Horace Heffner wrote:

> The immediate problem is passing the tipping point where the methane is
> released.  Methane is 20 times more effective than CO2 at the greenhouse
> effect, and is lighter than air.  It eventually oxidizes into CO2, but
> at high altitude. High altitude water vapor is a very effective
> greenhouse gas, and at some point the more you get the more you get.  If
> we get enough of it we're permanent toast - fully burnt toast at that. 
> The oceans will boil off and the surface of the earth will likely end up
> over 200 deg. C. Welcome to New Venus.

And then the carbonates boil out of the rocks and the curtain comes down
for the last time, and the last thing  we hear is the voice of a fundy
saying "We *told* you it was the end times, and this proves we were right!"

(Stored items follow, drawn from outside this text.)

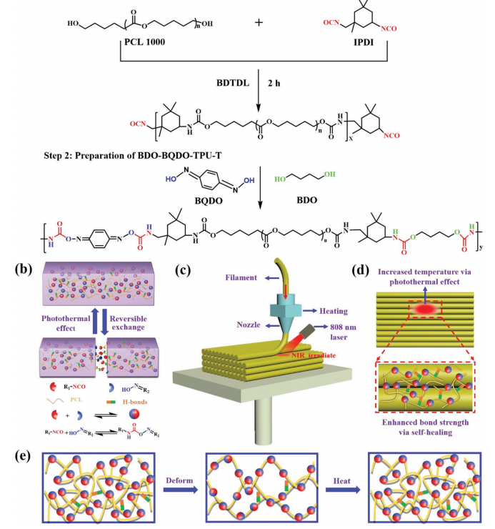 近期,北京化工大学张立群院士、卢咏来教授、王润国教授联合北京科技大学林祥团队通过在聚合物链中引入动态的肟-氨基甲酸酯键和氢键,设计并合成了一系列具有自愈合性能、固有光热效应和优良打印性能的新型热塑性聚氨酯。使用1,4-苯醌二肟(BQDO)和1,4-丁二醇(BDO)作为扩链剂,制备了一系列具有自愈性和光热性的热塑性聚氨酯材料(BDO-BQDO-TPU)。两种扩链剂的设计有效地降低了聚合物链中动态键的比例,可以实现材料的自愈性,并保证其良好的印刷性能和机械性能。动态的肟-氨基甲酸酯和氢键赋予了印刷材料在近红外辐照和直接加热下的自愈特性。由于材料固有的光热效应和自愈特性,通过在印刷过程中引入近红外辐照,沉积层的界面结合强度得到提高,从而改善了印刷产品的机械性能。材料同时具有优良的形状记忆的特性,可以通过近红外照射或直接加热有效地触发了形状记忆的恢复,并通过打印一个类似人的机器人证明了其在4D打印中的潜力。该工作以题为“Self-Healing, Photothermal-Responsive, and Shape Memory Polyurethanes for Enhanced Mechanical Properties of 3D/4D Printed Objects”的文章发表于Advanced Functional Materials上。
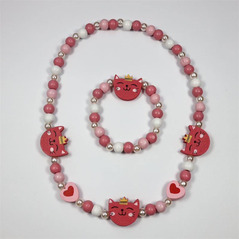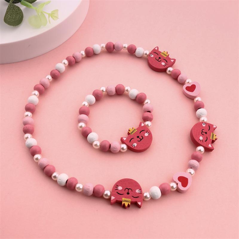 Collar de cuentas de madera para niños con gatito estilo coreano, traje de pulsera de cuentas con cuentas de carita sonriente, joyería para niña, regalo para niños
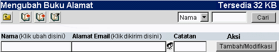 | Buku Alamat adalah database kecil dari setiap kontak email yang biasanya digunakan oleh anda, yang mengijinkan anda untuk mendapatkan akses yang cepat dan mudah pada setiap saat. Tetapi, buku alamat memiliki dua (2) mode yang berbeda untuk digunakan. Mode Ubah, digunakan untuk membuat entri pada buku alamat, menghapus, mengubah dan mengunakan fitur lanjutan. Kemudian Menggunakan Mode yang mengijinkan anda untuk secara langsung menambahkan informasi catatan atas lengkap email (Penerima, Judul pesan, dan lain-lain) ke dalam pesan email yang keluar.
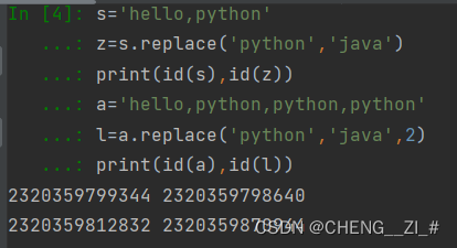 字符串驻留机制,python的驻留机制对相同的字符串只保留一份拷贝,后续创建相同字符串时,不会开辟新空间,而是把该字符串的地址赋给新创建的变量。
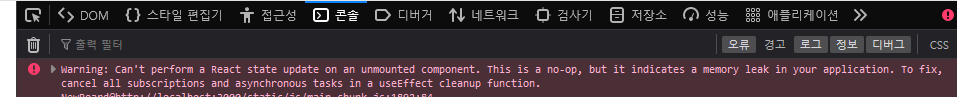 이러한 경고(오류)가 나오는 원인은 페이지 이동 이벤트(routing)가 일어나면서, 기존의 useEffect 내부의 내용이 이미 지나버린 페이지에 대해서 동작하였기 때문입니다.
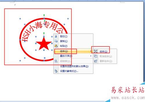 按住【Ctrl鍵】同時選中【藝術字】【橢圓】【五角星】形狀,進行右鍵組合。如下圖所示:
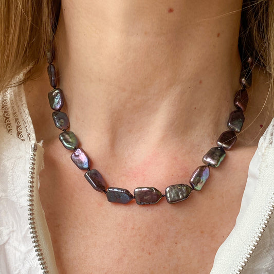 Silver Baroque Anthracite Freshwater Pearl Necklace

But it's very unlikely.  If that was that easy to achieve it would have
happened already.  Here's why:

Check out the "snowball Earth" era(s) which occurred in the past.
Glaciation was extreme, reaching all the way -- or nearly all the way --
to the Equator.  The Earth's albedo went sky-high, as a result of which
the "effective insolation" rate plummeted -- runaway cooling.  Why, you
may ask, do we no longer have a snowball Earth?  What finally stopped
the "runaway"?

Apparently what ended it was volcanism coupled with the fact that plant
life on Earth was basically dead or dormant.  Little CO2 was being
pulled from the atmosphere by the plants, but volcanoes went right on
pumping the stuff out. The result was massive CO2 accumulation in the
atmosphere.  Finally the greenhouse effect grew strong enough to melt
the snowball, despite the high albedo.  But to get to that point the CO2
level had to go sky-high -- many times higher than the "baseline value",
and far, far higher than it is now.

But when the ice melted and the albedo dropped again, all that CO2 was
still in the atmosphere, and the result was massive overshoot:  Toasted
Earth.  If we were ever in danger of turning into Nouveau Venus, that
was the moment!

But even that huge overshoot didn't go high enough to boil the oceans
and cook the rocks.  And as it seems unlikely we'll be able to get
anywhere near such a big "bang" out of our current activities, if only
because we're running out of oil which will force us to cut the CO2
emission rate, it also seems very unlikely we'll get to the "Venus
point" before the temperature levels off.

Anyhow that's my impression; take it or leave it.  I can't provide
references, since this is gleaned from snippets from assorted sources
over a number of years, along with a few lunch-time talks with someone
who has followed this a lot more closely than I have.